WHAT IS EXPECTED |
Look through the data below and output, unchanged, every line from the one holding "Marin de 3ème Coyne" through the one holding "La participación activa", inclusive. Skip the pictures.

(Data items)
<<<<
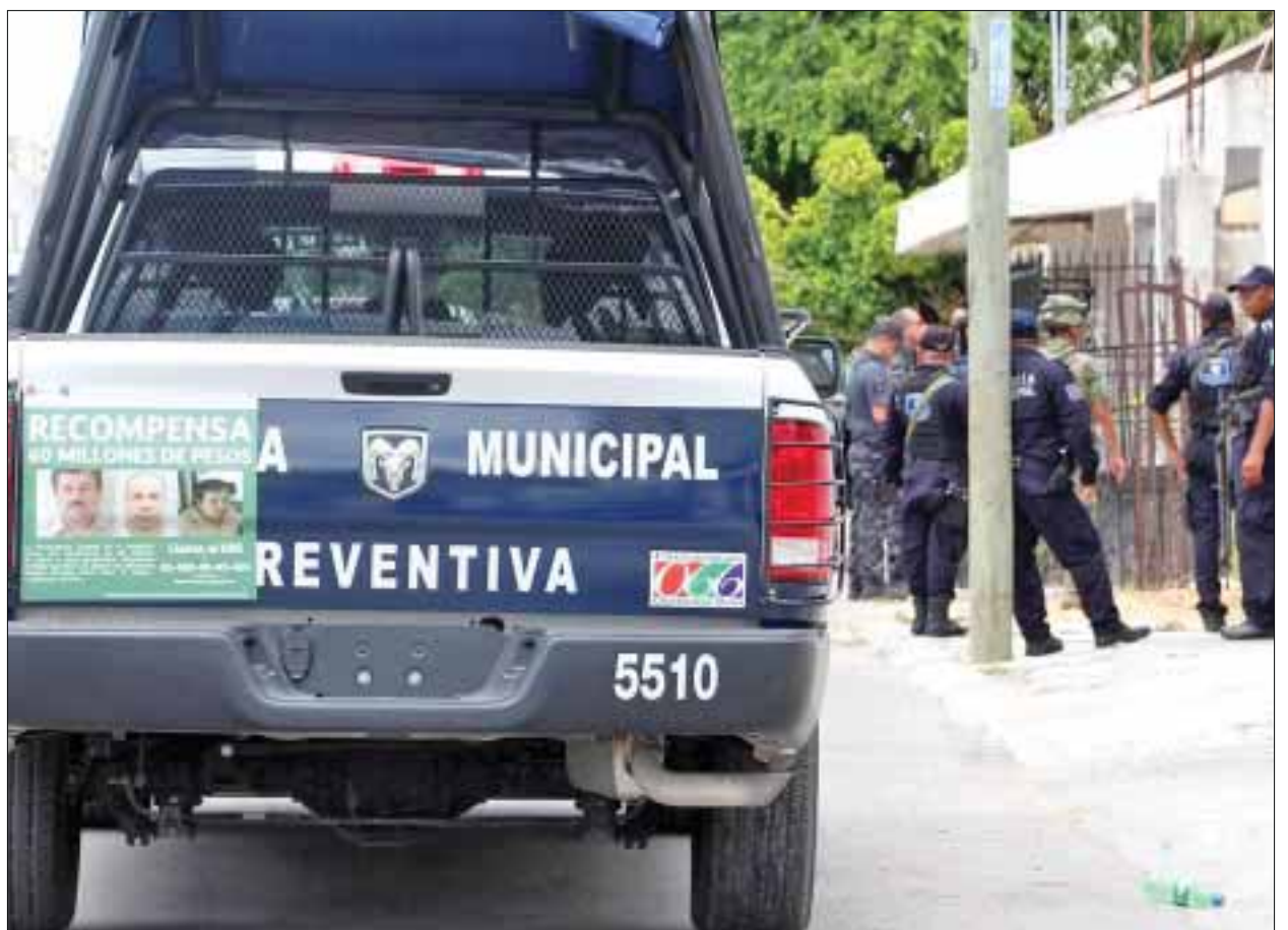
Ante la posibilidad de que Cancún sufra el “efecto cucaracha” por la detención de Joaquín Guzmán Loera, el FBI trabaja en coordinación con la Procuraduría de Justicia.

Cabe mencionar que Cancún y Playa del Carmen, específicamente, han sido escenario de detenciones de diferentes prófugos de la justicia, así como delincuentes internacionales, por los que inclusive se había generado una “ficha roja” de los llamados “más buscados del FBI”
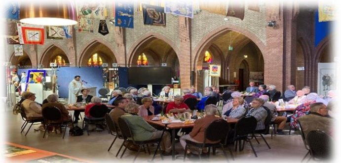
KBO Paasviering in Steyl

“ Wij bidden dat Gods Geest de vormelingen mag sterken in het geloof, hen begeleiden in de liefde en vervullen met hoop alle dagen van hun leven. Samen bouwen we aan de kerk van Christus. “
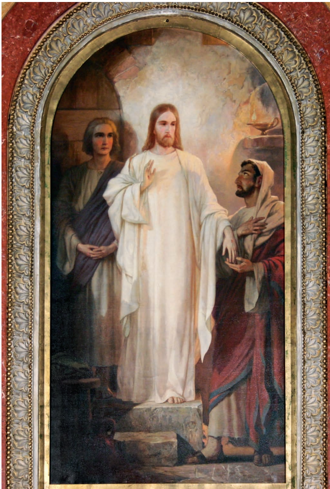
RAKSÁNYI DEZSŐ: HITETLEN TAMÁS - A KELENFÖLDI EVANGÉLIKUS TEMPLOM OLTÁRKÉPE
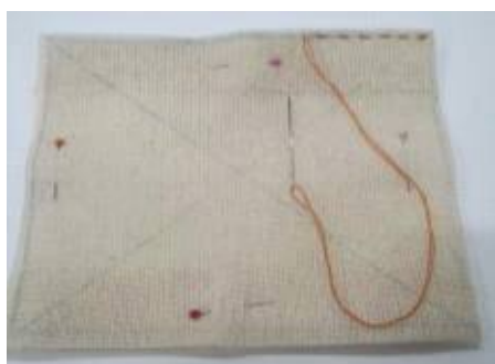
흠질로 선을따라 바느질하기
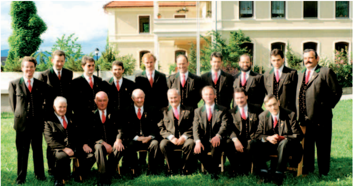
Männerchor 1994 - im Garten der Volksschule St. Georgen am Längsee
>>>>
<<<<
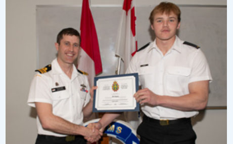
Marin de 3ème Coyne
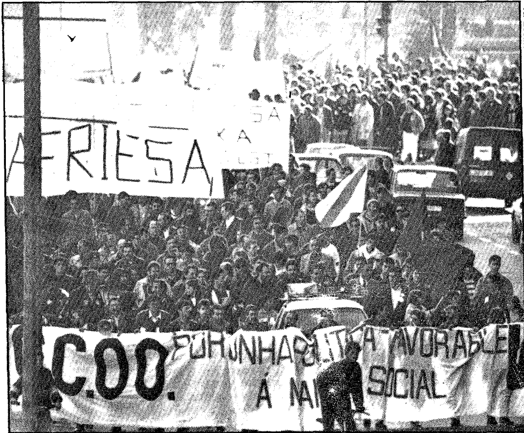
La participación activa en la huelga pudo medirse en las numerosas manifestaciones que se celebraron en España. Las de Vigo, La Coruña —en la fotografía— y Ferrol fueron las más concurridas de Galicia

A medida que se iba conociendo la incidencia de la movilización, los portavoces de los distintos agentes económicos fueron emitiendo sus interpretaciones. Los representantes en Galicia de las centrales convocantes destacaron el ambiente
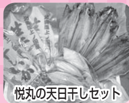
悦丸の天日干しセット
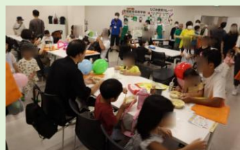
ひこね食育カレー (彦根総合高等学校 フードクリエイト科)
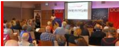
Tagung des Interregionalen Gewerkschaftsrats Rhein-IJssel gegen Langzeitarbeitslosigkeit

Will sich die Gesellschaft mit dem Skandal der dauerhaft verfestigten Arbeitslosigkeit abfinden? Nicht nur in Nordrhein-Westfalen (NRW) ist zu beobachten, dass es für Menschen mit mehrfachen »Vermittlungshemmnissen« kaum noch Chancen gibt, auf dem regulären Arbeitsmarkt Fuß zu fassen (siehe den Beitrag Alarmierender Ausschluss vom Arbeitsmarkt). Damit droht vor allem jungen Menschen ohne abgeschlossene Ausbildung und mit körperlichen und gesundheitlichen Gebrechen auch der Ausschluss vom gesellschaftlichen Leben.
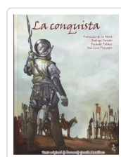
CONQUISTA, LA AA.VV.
>>>>
ANSWER AREA |
Marin de 3ème Coyne
La participación activa en la huelga pudo medirse en las numerosas manifestaciones que se celebraron en España. Las de Vigo, La Coruña —en la fotografía— y Ferrol fueron las más concurridas de Galicia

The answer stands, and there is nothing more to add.